All five are commonly used by software engineers and provide some important benefits for developers, which also are used to Object-Oriented class design.

Performance Optimization

  • Utilize resource pools to reduce the cost of creating and recycling reusable objects.
    • Common cases:
      • Thread pool
      • Connection pool
  • Sequential read and write, reduce random IO, reduce cache miss.
    • The performance of memory sequential read and write is much better than random read and write.
    • Disk sequential read and write performance is much better than random read and write.
    • Ordered list, a dictionary structure based on ordered arrays.
    • In Java, everything is an object, so in an array, seemingly continuous objects are actually discrete in physical memory, so the traversal effect will be much worse.
    • For languages such as C, C++ and so on, they all support struct.
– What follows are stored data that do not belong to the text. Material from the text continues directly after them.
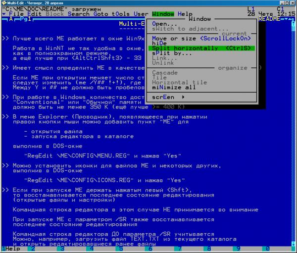1.1. Чтобы разделить окно на две части горизонтально, нажимаем ControlS или выбираем пункт 'Split horizontally' в меню Window. Под 'разделением окна' понимается уменьшение размера исходного окна и создание на освободившемся месте нового окна, связанного (Linked) с уменьшенным. Оригинал (alt 2) - Альбом Предыдущая - Следующая Загрузил SergeCpp, 2011-04-28 20:02:07 |
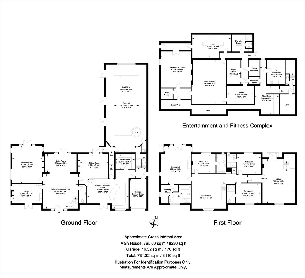 Encompassing an entertainment area with a compendium of rooms including gymnasium, changing rooms with shower facilities, steam room and sauna (not fitted). Impressive billiard room, cinema, playroom/workshop, equipment room/server storage, wine cellar and plant rooms with multiple storage options.
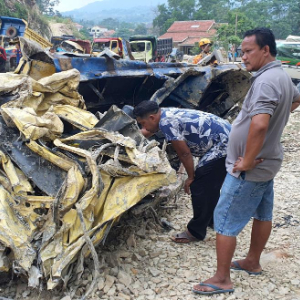5月31日,在印度尼西亚西爪哇省井里汶,人们在事发采石场附近查看受损车辆。

When the object is defined as a struct, the memory occupied by an array of this type is continuous, and the traversal effect will be much better than that of Java.
    • Why kafka is faster, because it reads and writes disks sequentially.
  • Any large-scale data problem can be settled by splitting
    • Such as batching, framing, paging, time-sharing, slicing, partitioning, database sharding.
    • Routing schemes can be simply divided into two categories
      • Non-deterministic routing
        • The same key can be mapped to different computing units for multiple routes
        • It’s mostly used for distributed systems between stateless nodes
        • Common solutions
          • Round Robin
          • Random
      • Deterministic routing
        • The same key must be mapped to the same computing unit no matter how many times it passes through the route
        • It’s mostly used for distributed systems between stateful nodes
        • Common solutions
          • Range
          • Hash
          • Configuration table (e.g. MySQL’s List in partitioning types)
    • Batching
      • There will be differences in capacity and performance in the IO of different components in the system.
      • Read optimization relies on caching, writing optimization relies on buffering, and batching ≈ caching + buffering. A cache is a piece of memory for reading, and a buffer is a piece of memory for writing.
      • The disadvantage of batching is that the data consistency is poor, whether it is caching or buffering, the same problem exists.
      • Batching is one of the most important IO optimization methods whenever IO performance bottlenecks are encountered, as it has simple logic, does not involve multi-thread concurrency, has no special requirements for data structures, and has low system transformation costs.
    • Framing
      • Operations that will take a long time also need to be distributed to multiple frames for execution, thereby reducing the waiting time for blocking.
      • The single-threaded nature of UI rendering
      • The single-threaded nature of Redis
    • Paging
      • It can be regarded as an alternative framing operation, which can avoid the DB loading pressure and network transmission pressure caused by one-time data acquisition.
    • Time-sharing
      • It refers to the technology that multiple objects use the same hardware in turn, and it is more common in the underlying software that deals with hardware.
      • time-sharing operating system
      • time-sharing network
      • I/O multiplexing
    • Slicing
    • Partitioning
      • When only some tables in the database have a large amount of data, use the table partitioning in the same database.
    • Database sharding
      • The entire database has a large amount of data and high access pressure, use the database sharding
  • Separation
    • It’s the SRP (Single responsibility principle) of SOLID principle.
    • It can reduce development and maintenance costs while increasing reusability
      of functional units.
    • Common designs
      • Read-write separation (Separate by functions)
        • In a broad sense, the focus of read-write separation is: the read does not care about writing, and the write path does not care about reading. Both focus on their own function realization without making any sacrifices or concessions for the other.
      • Storage-computing separation (Separate by resources)
        • Cloud Native Database Architecture. In essence, it’s Microservice Architecture
        • Computing nodes are stateless, storage nodes are non-computing; computing nodes scale out, storage nodes scale up.
        • Although the functions were separated, but as the words in The Duck Test: If it looks like a duck, swims like a duck, and quacks like a duck, then it probably is a duck.
  • Reducing
    • Do not optimize prematurely, because in the initial stage of most businesses, the amount of data is very small, and performance problems are unlikely to occur in any design.
    • Faster realization of business has higher priority than business running faster.
    • Reduce the amount of data per processing unit, algorithmically reduced and physically reduced.
    • Common solutions
      • Optimizing data structures and algorithms
      • Clipping data
        • Java GC
        • DB Archive
  • Concurrency
    • The utilization rate of a single machine can be improved through concurrency, and the upper limit of the overall processing capacity can be expanded through multi-machine concurrency.
    • The introduction of concurrency will greatly increase the complexity of the code and increase the difficulty of maintaining data consistency. It’s often only used as the ultimate optimization method.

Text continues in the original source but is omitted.